# Lynskey titanium R230 vs Sportive



## cleon

Anyone know enough about both models to comment on which would be a better Lon distance mount? NOT touring, but just speedy comfortable riding in a more upright position? TIA!


----------



## GlazedHam

cleon said:


> Anyone know enough about both models to comment on which would be a better Lon distance mount? NOT touring, but just speedy comfortable riding in a more upright position? TIA!


I'm in the market for a bike that will feel comfortable enough on 12 hour rides, some of which may not be perfectly paved. The R230 is my number one choice at the moment. I had not considered the Sportive ...probably because I have a silly bias against the name. Okay, this adds nothing to the discussion, but maybe the thread won't die.


----------



## cleon

Yeah, that 230 deal looks great right now but I can't tell which bike is really meant for what. The 230 is supposed to be the multipurpose bike, but the sportive is the one with the longer chain stays and fender/rack mounts. It's also $500 less which makes me wonder why such a big difference for the same material?? Confused.

According to Adrenalin cycles it's 1/2 a pound lighter (the R230), so maybe that is the price thing. 
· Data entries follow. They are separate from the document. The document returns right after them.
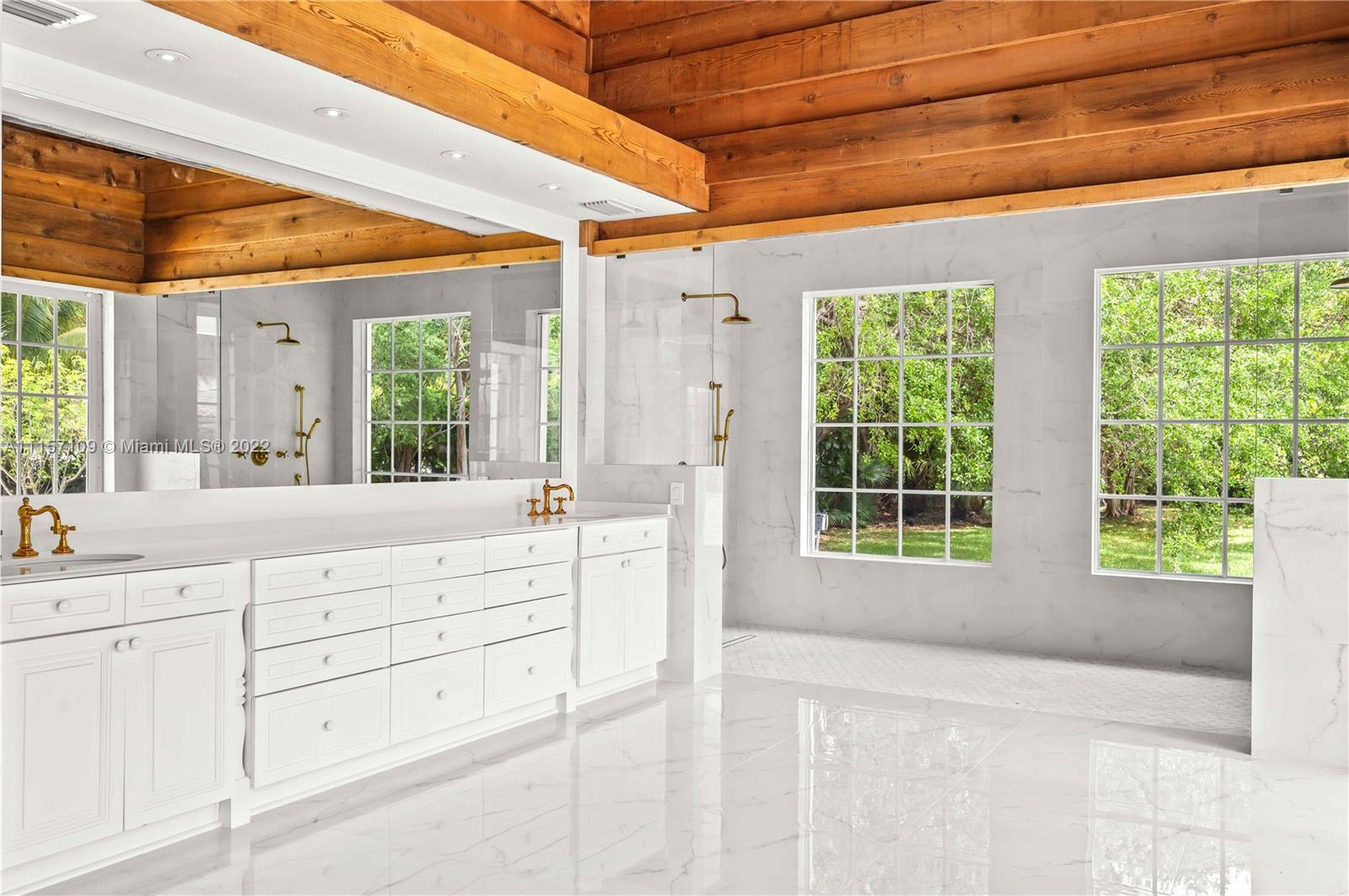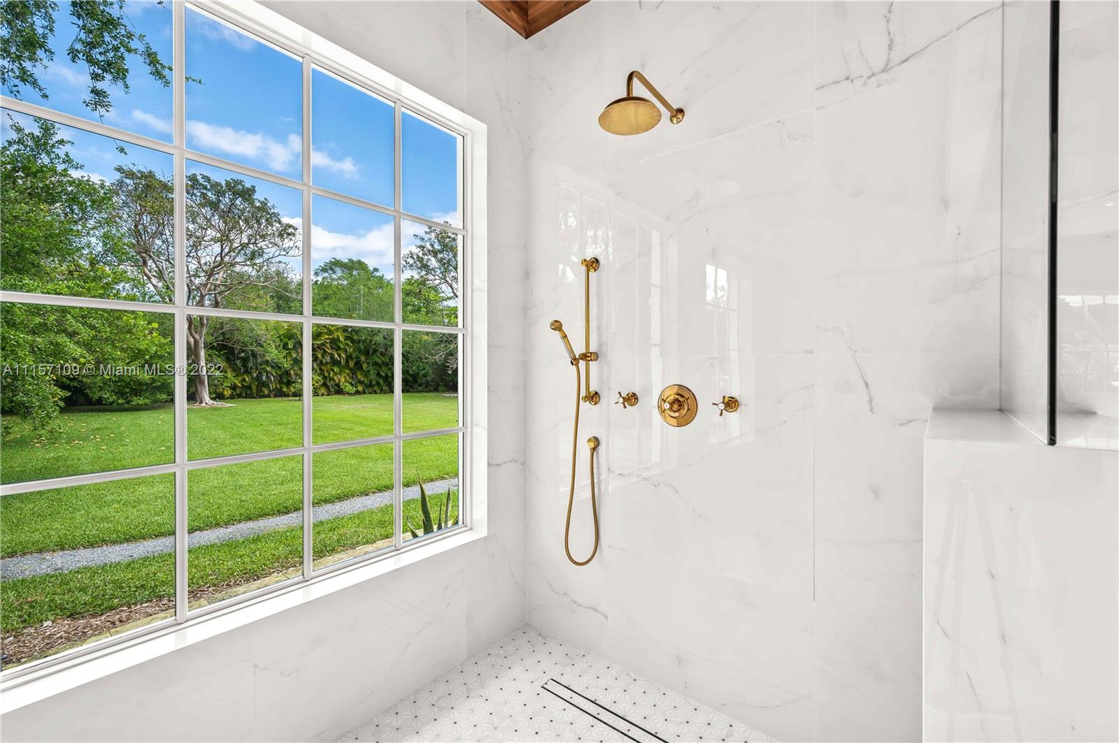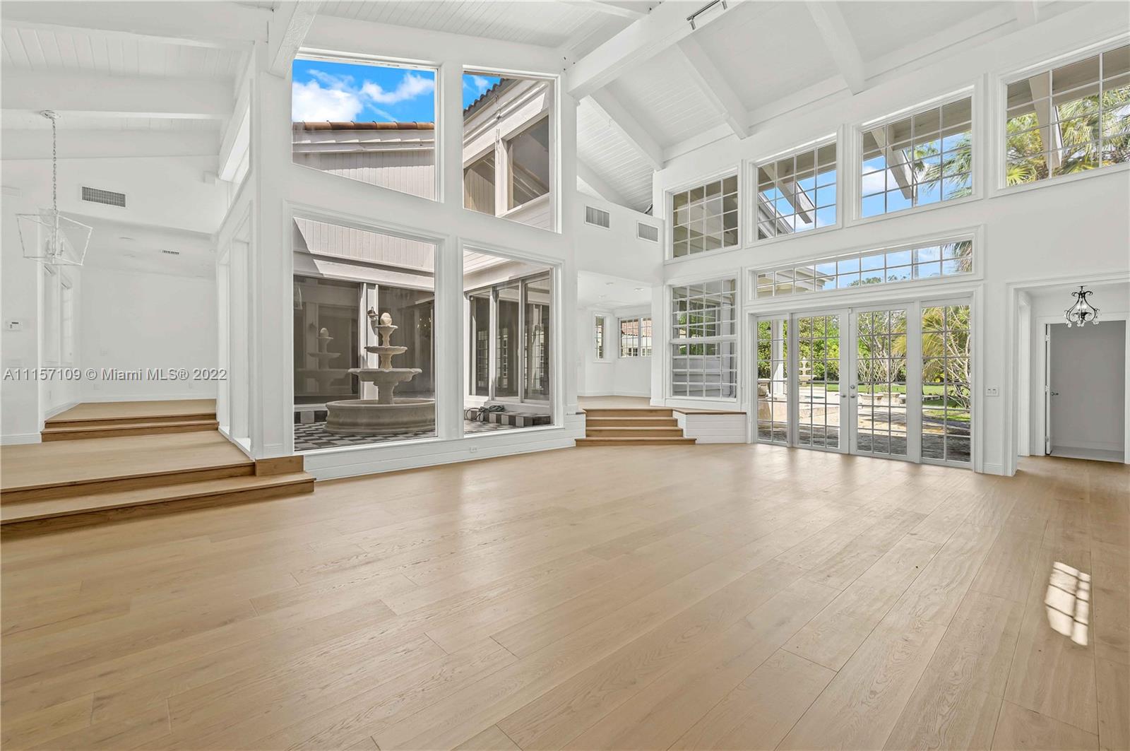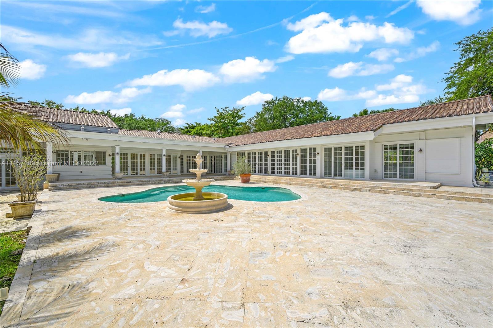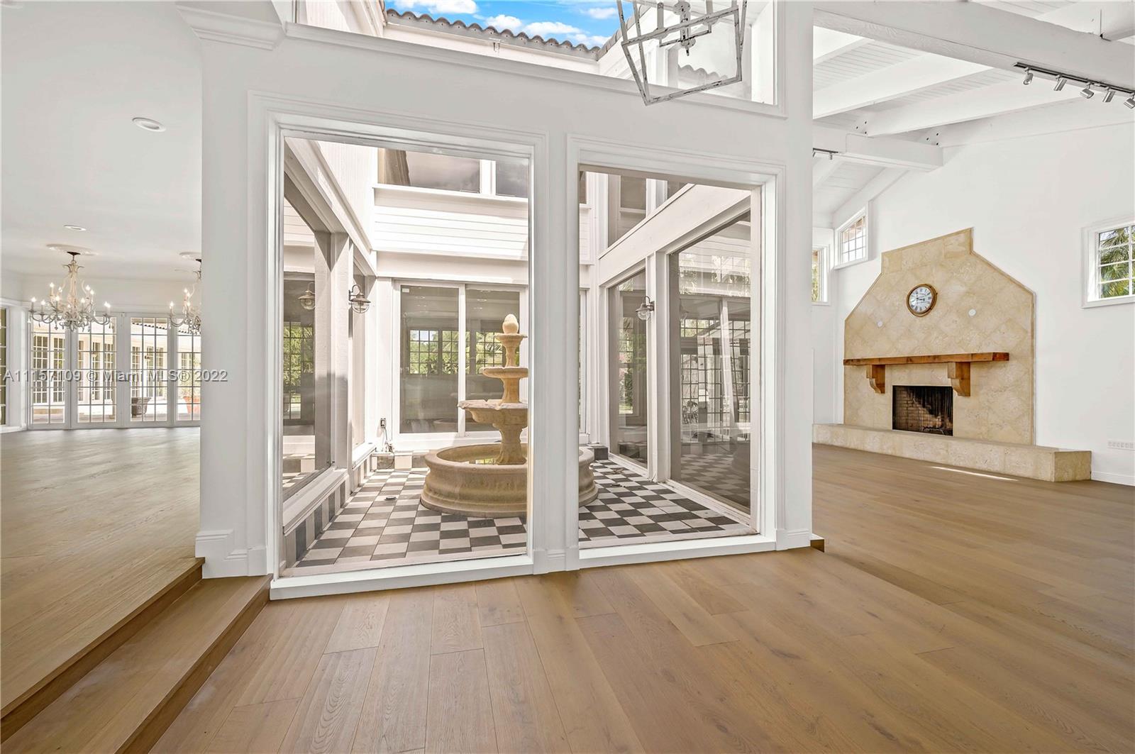 Beautiful 6 bedroom/6 bathroom 7,000 sqft Hamptons style home located on 1.5 acres in prime location Pinecrest. The property boasts enormous front and backyards with 29 mature oak trees, fruit trees, and a world of privacy. Fully remodeled, rich in precious details like the breathtaking fountain atrium when you first enter the house, brand new European hardwood oak floors, restoration hardware bathroom, and window fixtures, a stunning Tuscan style kitchen with top of the line appliances, and a butlers pantry area. Each bedroom has its own bathroom and a spacious walk-in closet. The great room and MB are bright and tall with double-height ceilings and open views of the outdoors. Impact windows, security camera system, 2 car garage, own well, and a water softener system.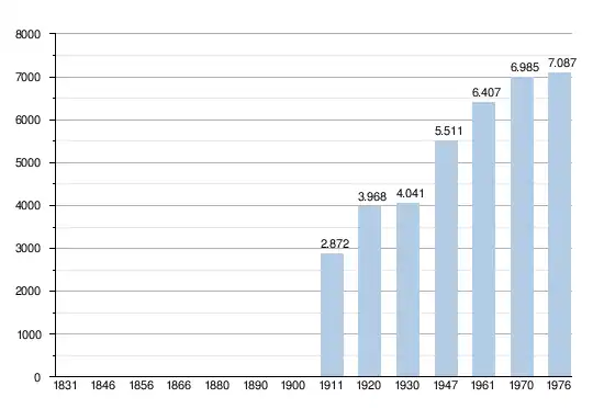 - Sources : INS, Rem. : 1831 jusqu'en 1970 = recensements, 1976 = nombre d'habitants au 31 décembre[12].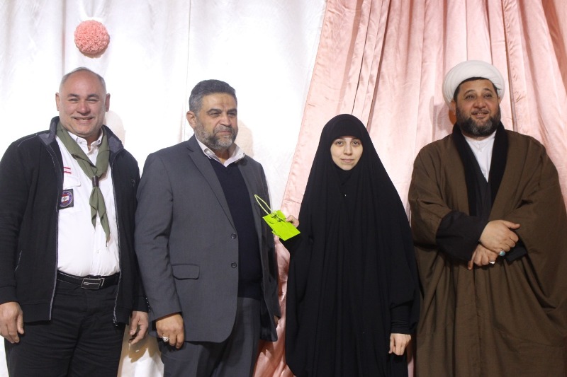 وفي الختام، تم سحب قرعة عدد من المنح لزيارة العتبات المقدسة في إيران وسوريا وهدايا للأخوات ليختتم الحفل بعدها بتواشيح إسلامية من وحي المناسبة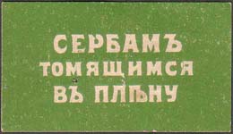 1916 1916(?) г. Разм. 41 х 25 мм. Одноцветная печать на белой бумаге. В центре на сплошном фоне текст в три строки: «Сербам томящимся в плену».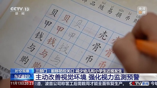 《通知》提出,家长要改变重治轻防的观念,科学管控孩子电子产品使用时间,学校通过“学校明亮工程”等,改善教室、宿舍、图书馆(阅览室)等采光和照明条件,为幼儿园和普通中小学生改善用眼环境。防控儿童青少年近视需要政府、学校、医疗卫生机构、家庭、学生等各方面共同努力,需要全社会行动起来,共同呵护好孩子的眼睛。(采集:陈翠平、卢秋月 整理:文静 来源:央视新闻客户端)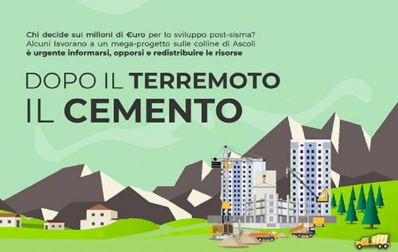 Di seguito la presentazione dell’evento: “Chi decide sui milioni di euro per lo sviluppo post-sisma? Alcuni lavorano a un mega progetto sulle colline di Ascoli: è urgente informarsi, opporsi e redistribuire le risorse. Un’alleanza tra Dipartimenti Universitari, cordate imprenditoriali locali e join-venture pubblico-private regionali, è pronta a intercettare e direzionare i fondi pubblici per il post-sisma. Un vecchio mega progetto, riciclato nel cratere, per edificare ancora, mentre la montagna picena esige piccoli interventi di ricucitura contro il deserto che avanza”.

Have you looked at the Litespeed Xicon? That was also on my list. If money was no issue, I'd be looking at the Vamouts also but alas...


----------



## OutAndBack

I was interested in the 340, Helix, 230, and Cooper. From my conversations with Lynskey, the 340 was a very stiff race bike, so that was out. The Helix was a very stiff Race/Club ride bike. Deisgned specifically for performance. The 230 was designed for comfort, without giving up much in the area of performance. It was a "compromise" bike. Meaning it gave up a SMALL AMOUNT in the area of stiffness in leiu of comfort. The Cooper was their entry level model. A very good all around bike. 

I am going to go with a R230 for my use. Mostly 40-70 mile club rides and centuries.


----------



## cleon

I wonder if the Sportive then is almost their 'light touring' model. Because both the 230 and the Sportive seem to be targeting the century rider. Unless the Sportive is just trying to hit a lower price point for market reasons.


----------



## nestacio

Just picked up an R230 after getting a professional fitting locally; in my case the R230 had a better geometry for the way I wanted to ride: slightly taller head tube and slacker seat tube for a more comfortable position. Note that the geo still seems speed-worthy since the angles closely match the Specialized Roubaix. The comfort issue is a very subtle one.

I think the difference in frame cost between the Sportive and the R230 comes down to the degree to which the frame is butted - not simply whether the tubes are double- or triple-butted, but the amount of variation in the thickness of various tubes. I just checked the site and it's a little hard to confirm since the frame weights aren't published, but watching a few of the videos on the Lynskey channel on youtube, there was mention of additional shaping work being done to various tubes as customers moved up the product line from lower-priced frames to higher-priced ones.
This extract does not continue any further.